* **Goal of the exercise**
Scan the entries for the word "kolo". Every line that has it should be copied.

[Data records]
-------------------------
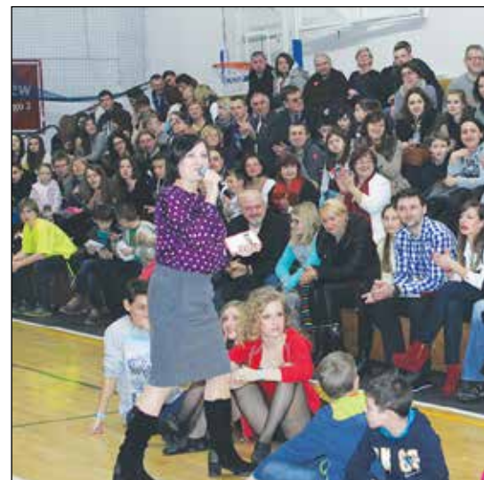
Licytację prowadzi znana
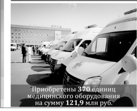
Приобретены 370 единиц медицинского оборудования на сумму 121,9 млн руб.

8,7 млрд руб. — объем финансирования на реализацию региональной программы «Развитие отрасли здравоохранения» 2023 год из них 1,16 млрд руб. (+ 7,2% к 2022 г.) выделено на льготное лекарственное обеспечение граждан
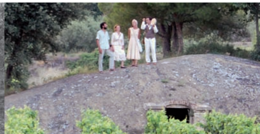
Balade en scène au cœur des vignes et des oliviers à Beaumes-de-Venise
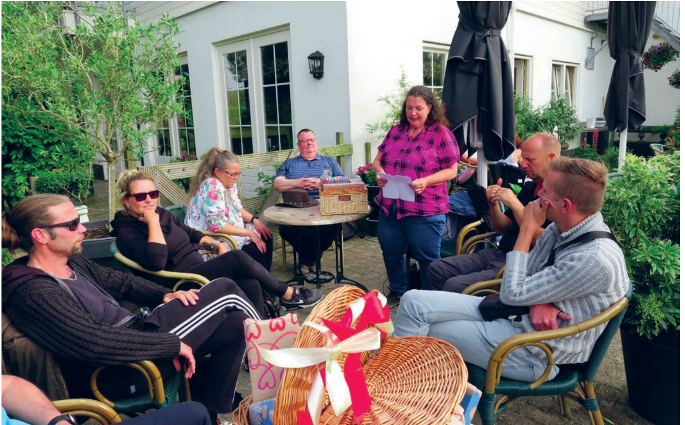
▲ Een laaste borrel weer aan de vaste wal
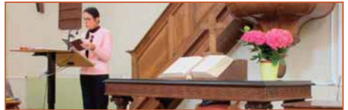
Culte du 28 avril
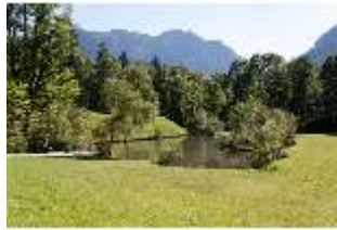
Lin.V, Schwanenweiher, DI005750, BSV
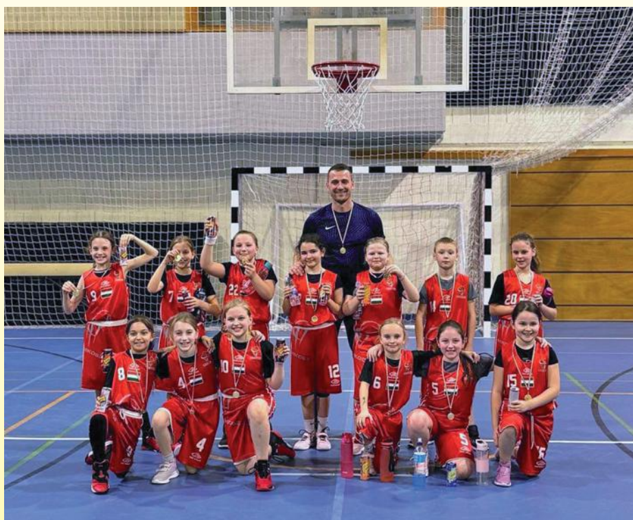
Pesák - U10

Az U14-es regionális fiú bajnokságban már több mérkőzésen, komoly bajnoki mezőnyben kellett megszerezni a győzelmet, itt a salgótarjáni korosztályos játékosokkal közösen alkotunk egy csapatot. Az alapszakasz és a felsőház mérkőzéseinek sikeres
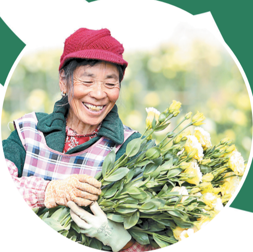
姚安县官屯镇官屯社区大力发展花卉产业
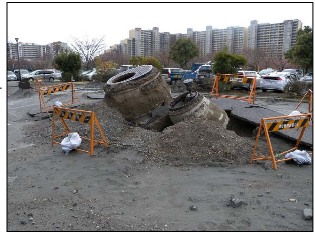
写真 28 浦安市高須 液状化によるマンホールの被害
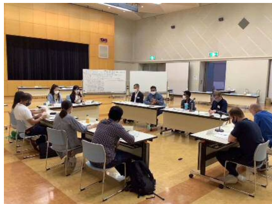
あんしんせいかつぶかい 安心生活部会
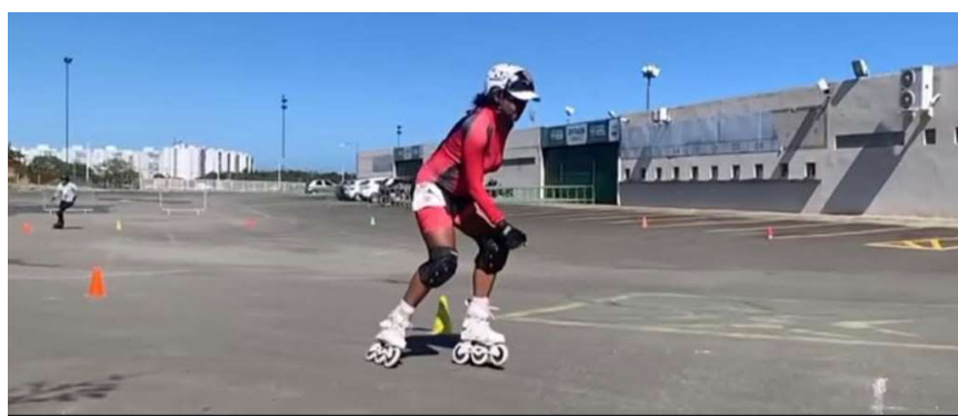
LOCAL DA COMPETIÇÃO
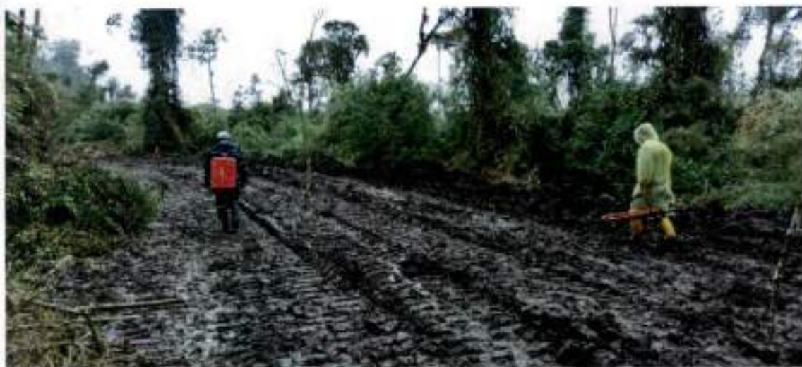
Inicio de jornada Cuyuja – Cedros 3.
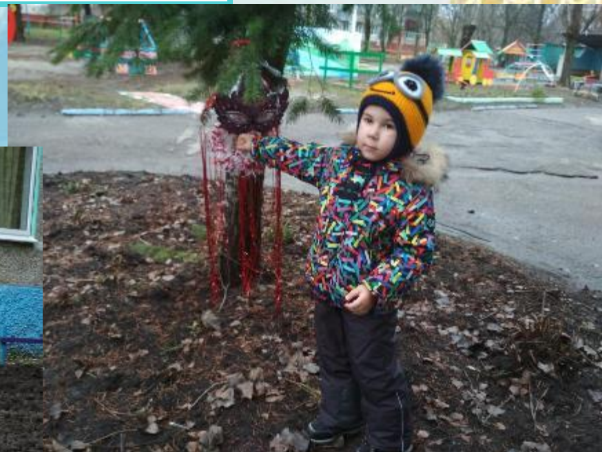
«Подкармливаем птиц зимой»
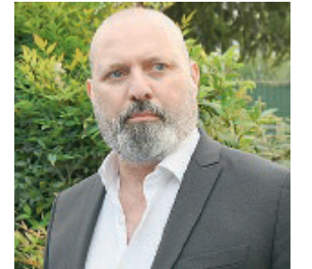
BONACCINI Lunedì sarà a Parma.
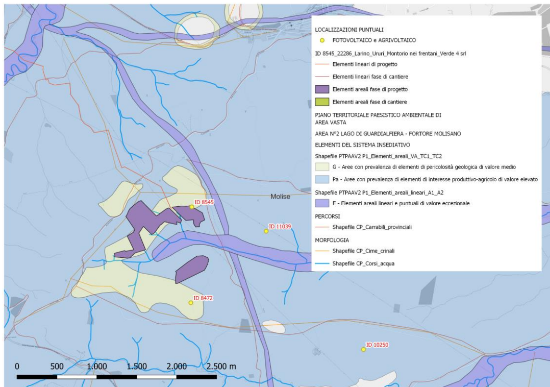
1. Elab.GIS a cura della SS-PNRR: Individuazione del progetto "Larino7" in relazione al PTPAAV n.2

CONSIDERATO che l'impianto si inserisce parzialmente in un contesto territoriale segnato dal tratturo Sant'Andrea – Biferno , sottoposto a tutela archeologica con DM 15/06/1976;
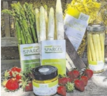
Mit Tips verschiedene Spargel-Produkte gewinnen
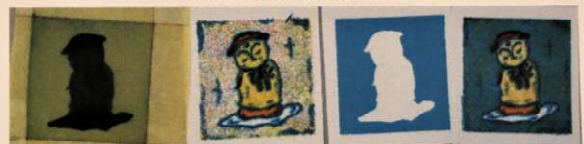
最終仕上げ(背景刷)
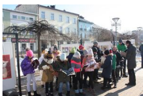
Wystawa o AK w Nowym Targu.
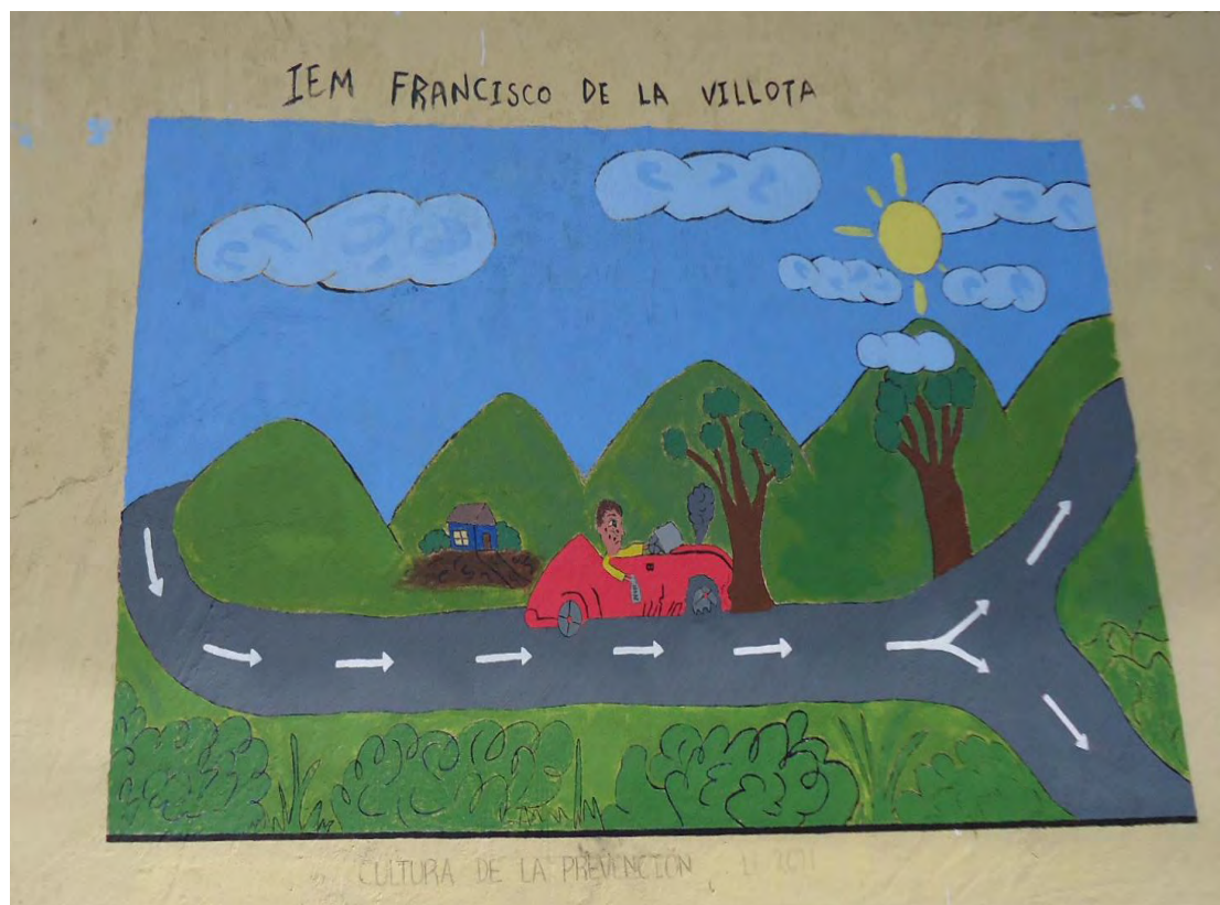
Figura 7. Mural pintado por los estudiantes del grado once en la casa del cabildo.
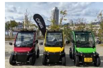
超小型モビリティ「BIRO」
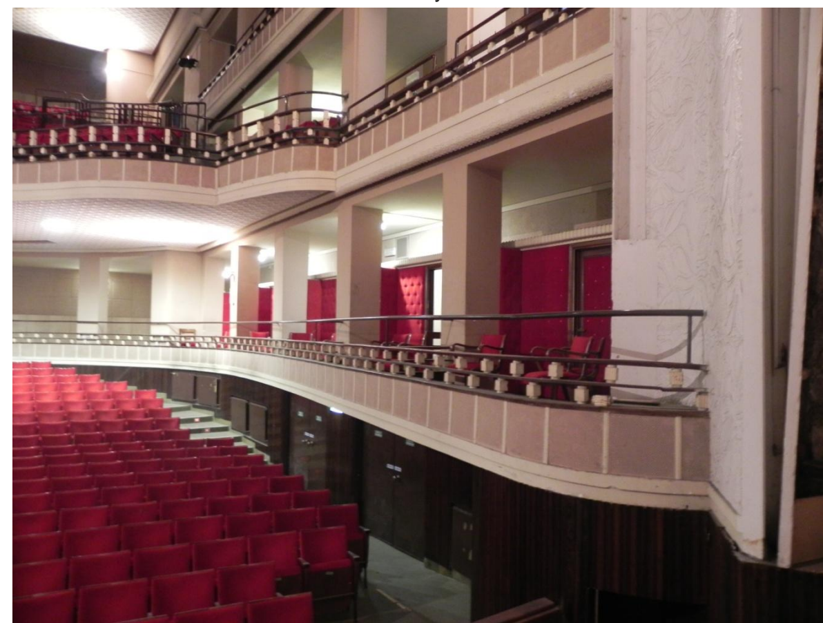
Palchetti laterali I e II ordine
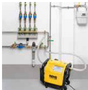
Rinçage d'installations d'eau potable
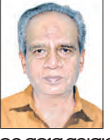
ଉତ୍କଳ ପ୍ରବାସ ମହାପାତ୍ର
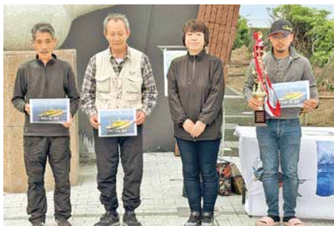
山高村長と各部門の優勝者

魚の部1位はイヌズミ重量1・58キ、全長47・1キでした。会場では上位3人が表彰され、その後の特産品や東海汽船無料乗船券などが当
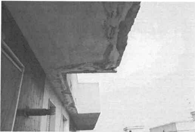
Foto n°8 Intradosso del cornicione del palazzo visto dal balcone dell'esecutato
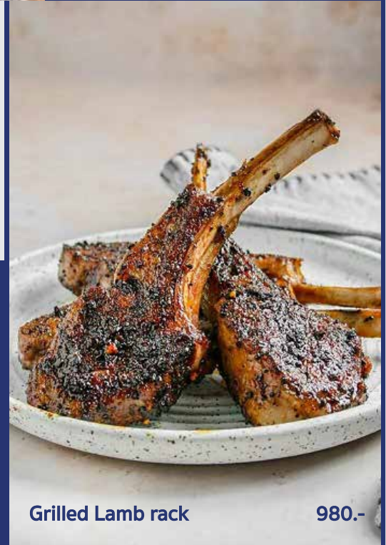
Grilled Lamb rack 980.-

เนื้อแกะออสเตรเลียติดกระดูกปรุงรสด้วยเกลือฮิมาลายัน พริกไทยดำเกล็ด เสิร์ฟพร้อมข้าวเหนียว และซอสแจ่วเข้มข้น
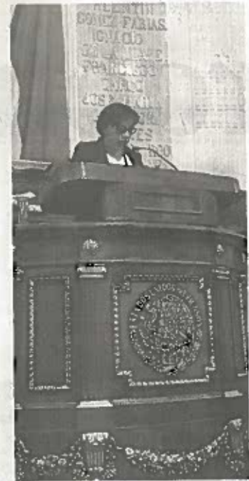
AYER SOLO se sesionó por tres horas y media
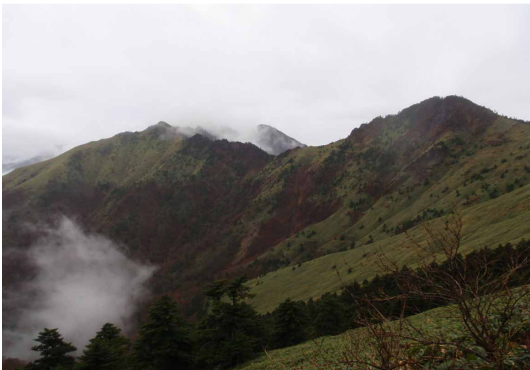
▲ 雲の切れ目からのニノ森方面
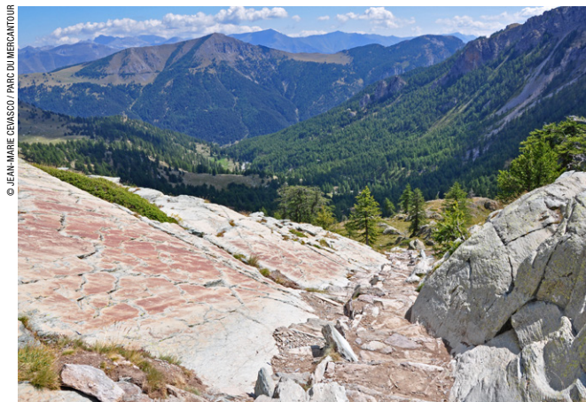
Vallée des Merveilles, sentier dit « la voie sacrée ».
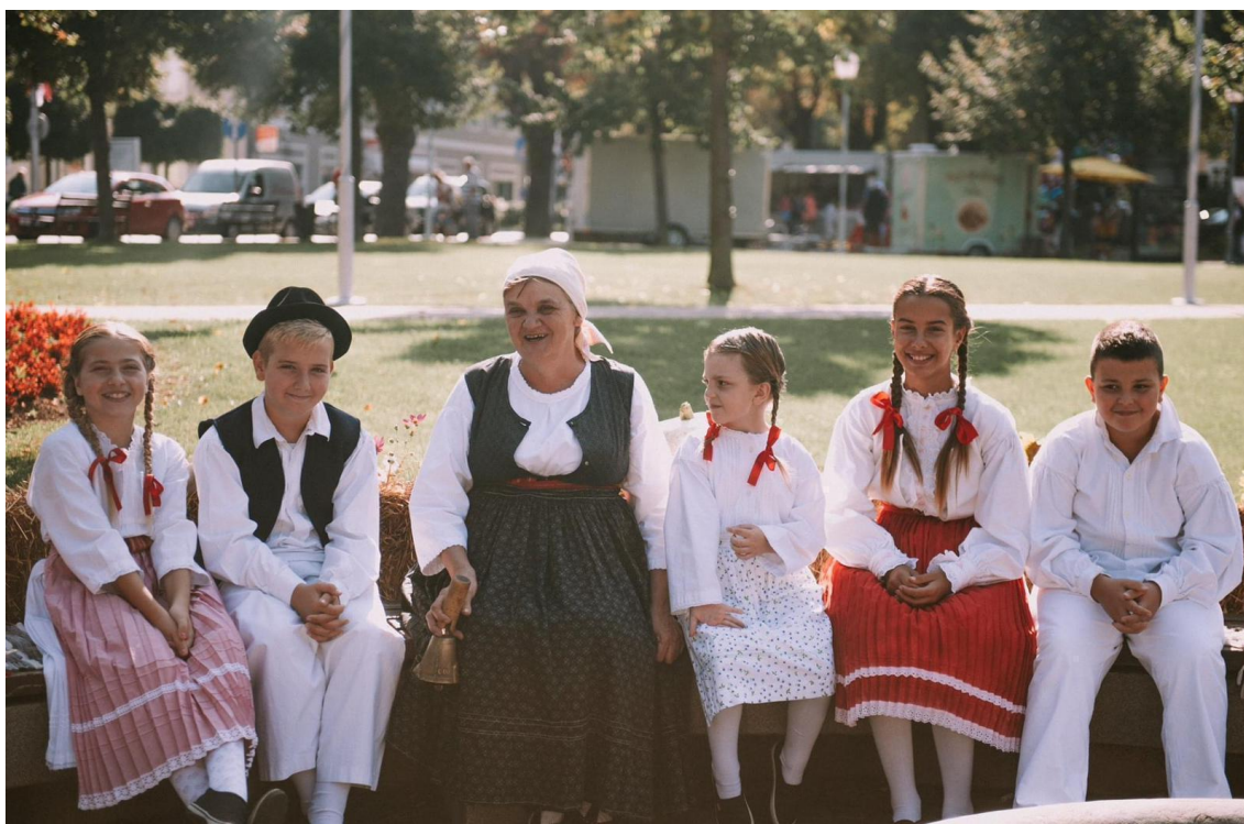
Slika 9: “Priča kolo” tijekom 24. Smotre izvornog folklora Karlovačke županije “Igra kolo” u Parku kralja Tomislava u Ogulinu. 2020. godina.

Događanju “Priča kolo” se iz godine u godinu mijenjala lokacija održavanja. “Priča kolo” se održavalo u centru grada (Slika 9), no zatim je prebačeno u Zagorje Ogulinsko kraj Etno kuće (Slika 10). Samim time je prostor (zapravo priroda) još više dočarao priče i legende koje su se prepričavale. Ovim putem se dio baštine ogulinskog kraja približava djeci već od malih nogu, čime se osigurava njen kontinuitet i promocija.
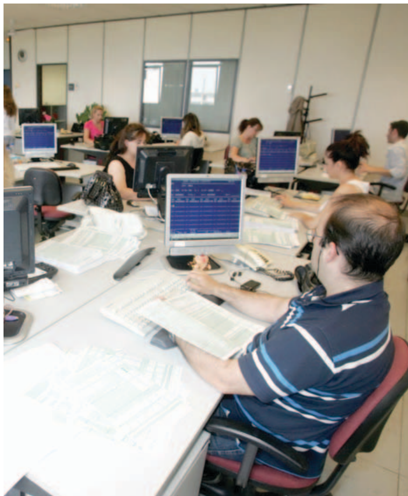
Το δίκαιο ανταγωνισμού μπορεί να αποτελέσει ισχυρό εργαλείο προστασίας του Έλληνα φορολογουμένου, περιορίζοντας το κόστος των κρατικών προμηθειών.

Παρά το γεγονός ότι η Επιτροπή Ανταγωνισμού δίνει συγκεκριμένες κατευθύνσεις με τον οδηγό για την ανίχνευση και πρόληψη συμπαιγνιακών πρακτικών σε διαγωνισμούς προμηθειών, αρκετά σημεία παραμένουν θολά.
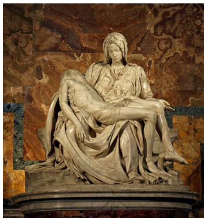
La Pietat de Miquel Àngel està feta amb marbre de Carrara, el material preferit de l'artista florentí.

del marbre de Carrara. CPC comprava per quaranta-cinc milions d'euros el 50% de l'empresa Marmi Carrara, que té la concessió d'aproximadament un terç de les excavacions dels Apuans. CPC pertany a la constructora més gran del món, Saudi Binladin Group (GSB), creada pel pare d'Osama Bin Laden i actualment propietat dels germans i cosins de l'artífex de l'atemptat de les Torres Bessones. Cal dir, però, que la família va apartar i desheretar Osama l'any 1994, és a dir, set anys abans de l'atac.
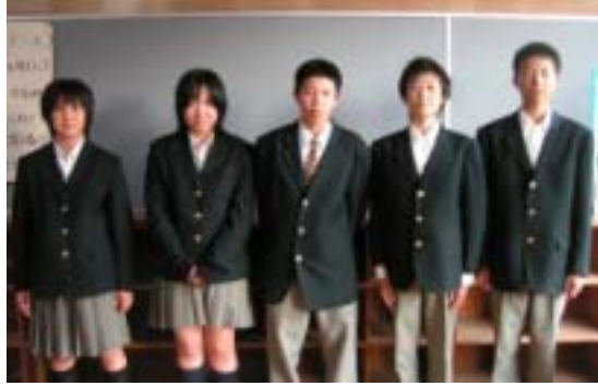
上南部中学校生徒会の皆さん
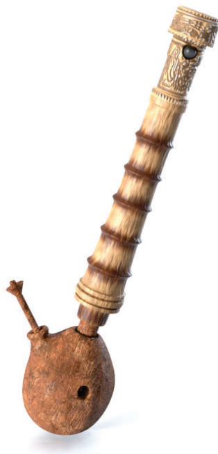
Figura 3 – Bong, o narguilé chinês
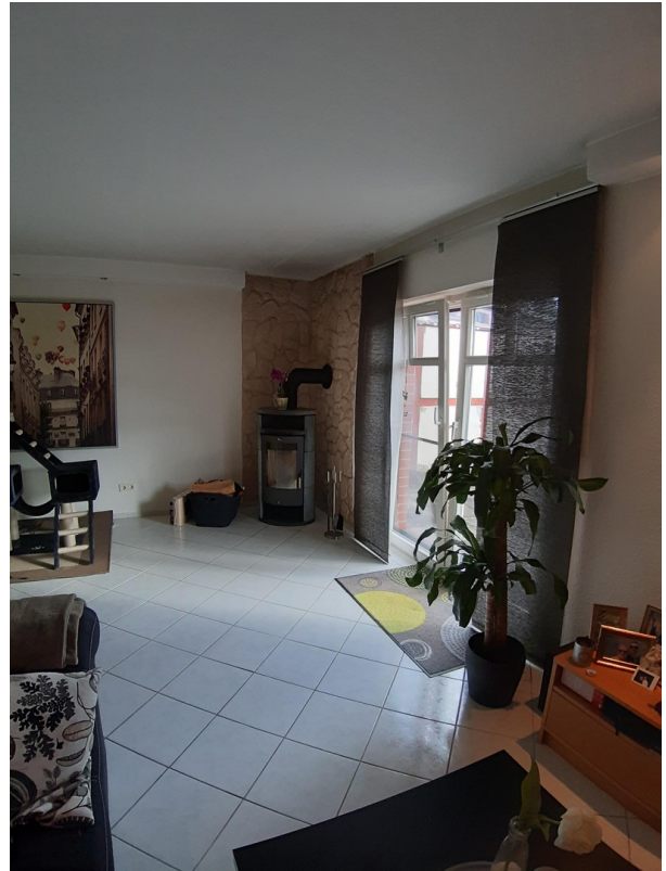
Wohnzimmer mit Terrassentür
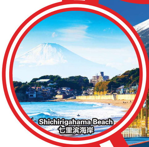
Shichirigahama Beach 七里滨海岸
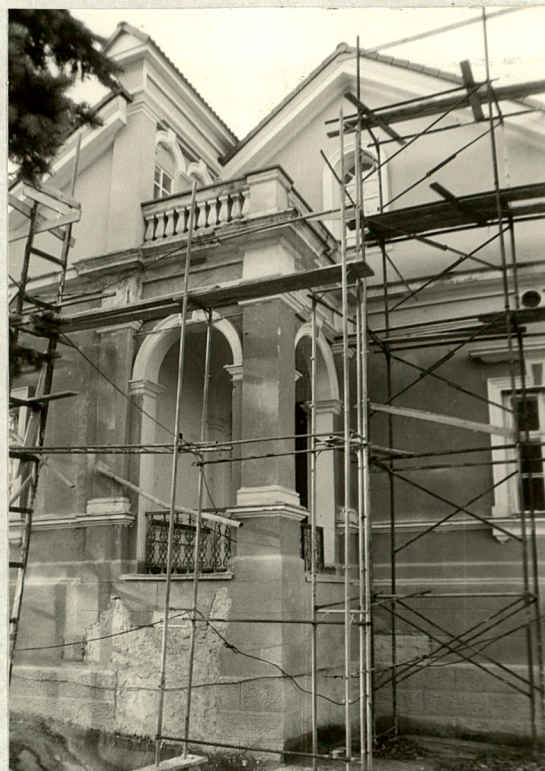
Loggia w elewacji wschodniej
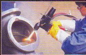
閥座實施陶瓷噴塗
-------------------------
* **Task output**
Slika 9: “Priča kolo” tijekom 24. Smotre izvornog folklora Karlovačke županije “Igra kolo” u Parku kralja Tomislava u Ogulinu. 2020. godina.
Događanju “Priča kolo” se iz godine u godinu mijenjala lokacija održavanja. “Priča kolo” se održavalo u centru grada (Slika 9), no zatim je prebačeno u Zagorje Ogulinsko kraj Etno kuće (Slika 10). Samim time je prostor (zapravo priroda) još više dočarao priče i legende koje su se prepričavale. Ovim putem se dio baštine ogulinskog kraja približava djeci već od malih nogu, čime se osigurava njen kontinuitet i promocija.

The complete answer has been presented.